• [Assignment]:
Reproduce the records that follow without alteration, apart from removing the pictures.

== Material supplied ==

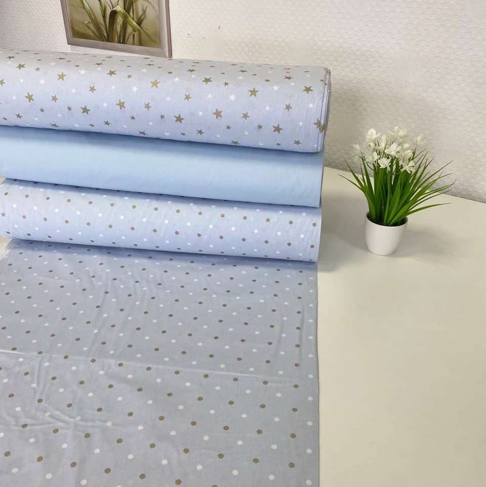Ранфорс блакитний, горох білий та золотий глітер виробництва Туреччини - натуральна тканина, яка служить для виготовлення домашнього текстилю, переважно дитячих комплектів.
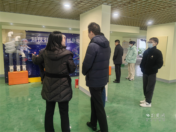 一行人还参观了2024年底竣工的共建项目——家门口的科技馆。据悉,该科技馆是欧景苑社区在湖北省知识产权局的资助下,为青少年精心打造的一个活动空间。科技馆内设有科普展区、互动体验区和儿童活动区,旨在通过寓教于乐的方式,丰富社区青少年的课余生活,提升他们的科学素养和创新能力。
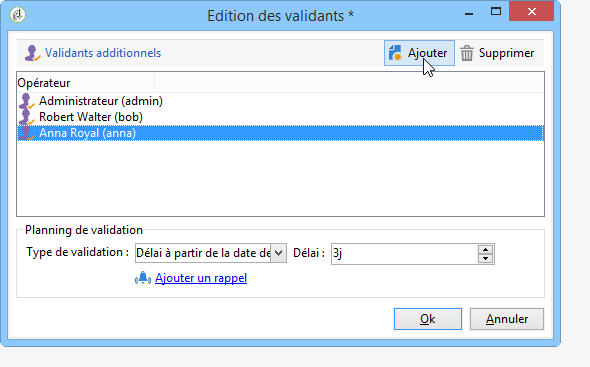 Pour désigner une liste d'opérateurs, cliquez sur le lien Editer… situé à droite du champ désignant le premier validant et ajoutez autant d'opérateurs additionnels que nécessaire, comme dans l'exemple ci-dessous :
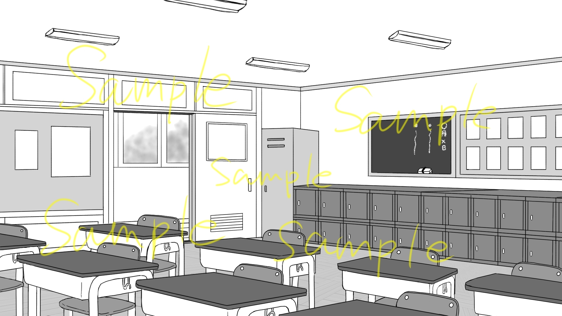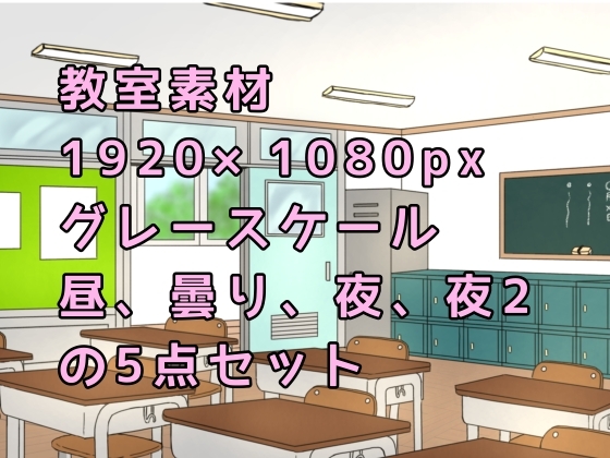 すべてpng、350dpi、1920×1080pxです。 1.グレースケール 2. 昼 3.曇りの日 4.夜 5.夜2(教室内点灯)イラスト背景や動画配信などにも使えます。
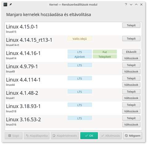 Másik hasznos eszköze a Manjaro beállításoknak a kernelek, ami a különböző kernelek telepítését teszi lehetővé egyszerűen. A kernelek biztosítják többek között az új hardverelemek megfelelő működését, valamint hibajavításokat, vagy új szolgáltatásokat is tartalmazhatnak, így érdemes naprakészen tartani a rendszer magját is. Egyszerűen, grafikus felületről telepíthetünk újabb kerneleket, és távolíthatunk el régieket. A rendszer egyaránt figyelmeztet az új kernelekre, valamint a már elavult, nem támogatott kernelek eltávolítására is. A Manjaro alapértelmezetten LTS, vagyis hosszan támogatott kernelekkel kerül telepítésre, de lehetőségünk van mindig a legújabb, akár valós idejű kernelek telepítésére is.
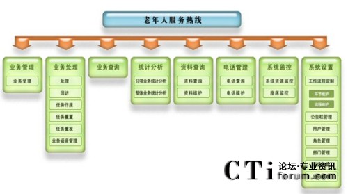 老年人服務熱線系統是為老年人提供援助服務的電話呼叫平臺,利用統一的特服號碼接入,實現統一服務流程和服務標準,服務內容包括咨詢服務、求助報警服務、預定服務(預定生活服務、新聞送達、導引服務)、老年人定位導向服務、語音讀報服務等等。老年人服務熱線系統將通過呼叫中心、手機短信息等多種接入手段相結合的方式向廣大老年人提供7×24小時服務。即:工作時間實現人工座席及自動語音受理;非工作時間實現自動語音受理及值班座席受理。
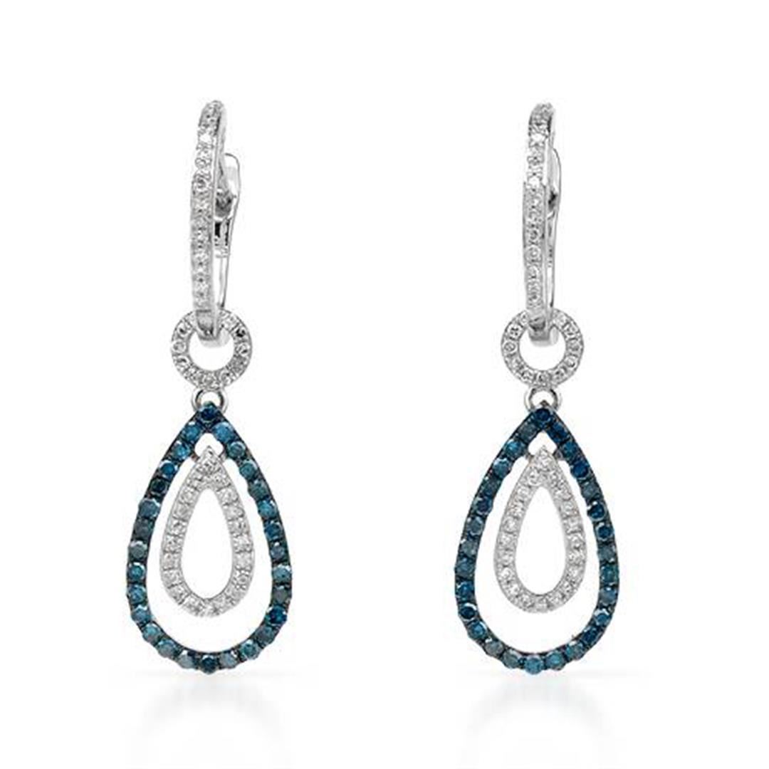 One 14k White Gold 0.61CTW Diamond and Blue Diamonds Earring, (SI1-SI2/Gold) - Product Specification: Stone: Diamond Stone 2: Blue Diamonds Stone 2 Clarity: SI1-SI2 Stone 2 Custom: G Stone 2 Weight: 0.24 Stone 3: Diamond Stone 3 Clarity: 1 Stone 3 Color: No Stone 3 Color min: SI1 Stone 3 Custom: Women Stone Color: Gold Stone Shape: G Stone type: 14 Weight: 1 Width: 29.0mm
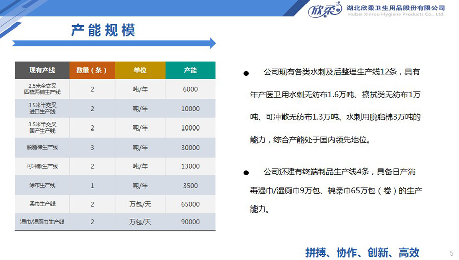 欣柔還建有終端制品生產(chǎn)線4條,具備日產(chǎn)消毒濕巾/濕廁巾9萬包、棉柔巾65萬包(卷)的生產(chǎn)能力。

===

• [Written answer]:
Ранфорс блакитний, горох білий та золотий глітер виробництва Туреччини - натуральна тканина, яка служить для виготовлення домашнього текстилю, переважно дитячих комплектів.
 一行人还参观了2024年底竣工的共建项目——家门口的科技馆。据悉,该科技馆是欧景苑社区在湖北省知识产权局的资助下,为青少年精心打造的一个活动空间。科技馆内设有科普展区、互动体验区和儿童活动区,旨在通过寓教于乐的方式,丰富社区青少年的课余生活,提升他们的科学素养和创新能力。
 Pour désigner une liste d'opérateurs, cliquez sur le lien Editer… situé à droite du champ désignant le premier validant et ajoutez autant d'opérateurs additionnels que nécessaire, comme dans l'exemple ci-dessous :
 すべてpng、350dpi、1920×1080pxです。 1.グレースケール 2. 昼 3.曇りの日 4.夜 5.夜2(教室内点灯)イラスト背景や動画配信などにも使えます。
 Másik hasznos eszköze a Manjaro beállításoknak a kernelek, ami a különböző kernelek telepítését teszi lehetővé egyszerűen. A kernelek biztosítják többek között az új hardverelemek megfelelő működését, valamint hibajavításokat, vagy új szolgáltatásokat is tartalmazhatnak, így érdemes naprakészen tartani a rendszer magját is. Egyszerűen, grafikus felületről telepíthetünk újabb kerneleket, és távolíthatunk el régieket. A rendszer egyaránt figyelmeztet az új kernelekre, valamint a már elavult, nem támogatott kernelek eltávolítására is. A Manjaro alapértelmezetten LTS, vagyis hosszan támogatott kernelekkel kerül telepítésre, de lehetőségünk van mindig a legújabb, akár valós idejű kernelek telepítésére is.
 老年人服務熱線系統是為老年人提供援助服務的電話呼叫平臺,利用統一的特服號碼接入,實現統一服務流程和服務標準,服務內容包括咨詢服務、求助報警服務、預定服務(預定生活服務、新聞送達、導引服務)、老年人定位導向服務、語音讀報服務等等。老年人服務熱線系統將通過呼叫中心、手機短信息等多種接入手段相結合的方式向廣大老年人提供7×24小時服務。即:工作時間實現人工座席及自動語音受理;非工作時間實現自動語音受理及值班座席受理。
 One 14k White Gold 0.61CTW Diamond and Blue Diamonds Earring, (SI1-SI2/Gold) - Product Specification: Stone: Diamond Stone 2: Blue Diamonds Stone 2 Clarity: SI1-SI2 Stone 2 Custom: G Stone 2 Weight: 0.24 Stone 3: Diamond Stone 3 Clarity: 1 Stone 3 Color: No Stone 3 Color min: SI1 Stone 3 Custom: Women Stone Color: Gold Stone Shape: G Stone type: 14 Weight: 1 Width: 29.0mm
 欣柔還建有終端制品生產(chǎn)線4條,具備日產(chǎn)消毒濕巾/濕廁巾9萬包、棉柔巾65萬包(卷)的生產(chǎn)能力。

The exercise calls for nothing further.